Me Jonathan de Taye (défense) : "est-ce que les frères El-Bakraoui avaient besoin d'Ali El Haddad Asufi [accusé de ce procès] pour trouver une kalachnikov ?" Jawad B. : "non, certainement pas."

Me Fanny Vial, avocate de Farid Kharkhach, revient sur les conditions de garde à vue et d'interrogatoires en Belgique évoquée par le témoin : "à monsieur Kharkhach, on a dit que s'il ne disait pas un certain nombre de choses, sa femme qui allaitait leur bébé irait en prison"

Me Fanny Vial : "Ibrahim allait tous les jours chercher un enfant à l'école. Ce qui laisse penser qu'Ibrahim El-Bakraoui avait une double vie que même sa compagne ignorait" Jawad B. : "oui, il y a eu cette rumeur. Après coup, je me suis dit que c'était vrai".

Jawad B. revient sur les fausses accusations dont il a fait l'objet : "ça m'a tellement secoué qu'en prison, j'ai eu une paralysie faciale. Et maintenant ça fait deux ans que je fais de la kiné pour rouvrir mon oeil et ma bouche. On m'a expliqué que c'était à cause du stress."

Nicolas Braconnay (avocat général) : "vous avez porté des accusations graves contre les policiers belges et les conditions de vos interrogatoires. A quoi sert votre avocat?" Jawad B. : "c'est chaque fois des avocats différents." - non, il y en a trois. - sur quatre fois.

Me Christian St Palais, avocat de Yassine Atar, (pour lequel le témoin a apporté du linge, explique le pénaliste) : êtes-vous poursuivi pour ces faits [le 13 Novembre 2015 ndlr] en Belgique ? Jawad B. : non Le témoin, pourtant, était très proche de Yassine Atar, rappelle son avocat.

: parlez-nous un peu de la personnalité de votre cousin Yassine Atar ? Jawad B. : "c'est un non-violent, un businessman qui aime faire de bonnes affaires. Il est dingue de son fils, il ne va pas rentrer dans de sales histoires."

Jawad B. : "Yassine, s'il voit qu'un braquage se monte, il va partir. Dans le passé, quand on montait des braquages avec Ibrahim, on lui disait rien, on lui faisait pas confiance. Ne fusse qu'un scanner de police, on ne lui disait pas parce qu'on savait qu'il allait le répéter."

Jawad B. :"quand on a appris pour les attentats de Bruxelles, on était effondrés, choqués. Je me souviens de Yassine [Atar, ndlr] qui pleurait devant moi. Il disait : "ça aurait pu être ma femme dans le métro". On se disait : "c'est pas possible".
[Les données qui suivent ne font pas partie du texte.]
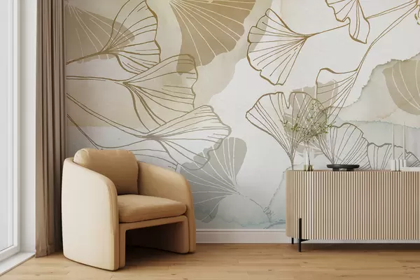 Fotomurales Un patrón de delicadas hojas de ginkgo en tonos beige, tostado y azul sobre un fondo claro. Nr. w08157

Fin de l'audition du témoin. Et fin aussi de cette journée d'audience. Reprise demain à 12h30 avec l'interrogatoire de Mohamed Amri, venu chercher Salah Abdeslam à Paris après les attentats du 13 Novembre 2015.
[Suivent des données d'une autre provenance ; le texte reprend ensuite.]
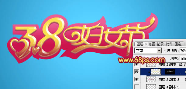 8、调出文字部分的选区,在文字图层下面新建一个图层,填充暗红色:#8E1C4A,取消选区后把文字稍微往右下移动几个像素做出立体效果。局部有空隙的部分需要用钢笔工具勾出选区并填充相同颜色,效果如下图。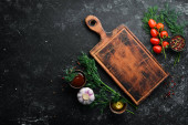 składniki do zdrowego gotowania na tle rustykalnym, widok z góry, banner. Wolne miejsce na tekst.

Jour 73 – Vendredi 28 janvier – Interrogatoire de l’accusé Mohammed Amri

Semaine 19, jour 73 au procès des attentats du 13 novembre Aujourd'hui, la cour d'assises spéciale va interroger l'accusé Mohammed Amri.

Mohammed Amri est âgé de 33 ans. Il est né au Maroc. Avait décrit une enfance heureuse, lors de son interrogatoire de personnalité il y a quelques semaines. Il est arrivé en Belgique à l'âge de 14 ans, à Molenbeek. C'est là qu'il est devenu copain avec les deux frères Abdeslam

Le 13 Novembre2015, Salah Abdeslam a appelé Mohammed Amri dans la nuit, pour le rapatrier de Paris à Bruxelles. Amri est venu le chercher en voiture, accompagné de l'accusé Attou.
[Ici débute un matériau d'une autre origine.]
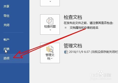 然后点击下拉菜单中的选项菜单项。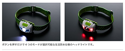 ロゴスのヘッドライトROSYは、上部に付いているボタンを押すだけで、強モード、弱モード、赤点灯、赤点滅の計四つのモードに変えられる防水仕様の口コミ評判の高い人気ヘッドライトになります。

Pour son interrogatoire, Mohammed Amri sera défendu par de brillants avocats, Me Negar Haeri et Me Xavier Nogueras, deux anciens secrétaires de la conférence, avocats élus par leurs pairs pour leur éloquence. Il y en a beaucoup dans les affaires de terrorisme.

L'audience reprend. Jour 73. Sans l'accusé Krayem, qui refuse désormais de comparaître dans le box.

Un avocat s'approche de la barre pour demander une nouvelle constitution de parties civiles. Peu après, le président se tourne vers le box. "Ça vous fait rire, Monsieur Abrini ?" Il poursuit : "Monsieur Abrini a l'air très joyeux"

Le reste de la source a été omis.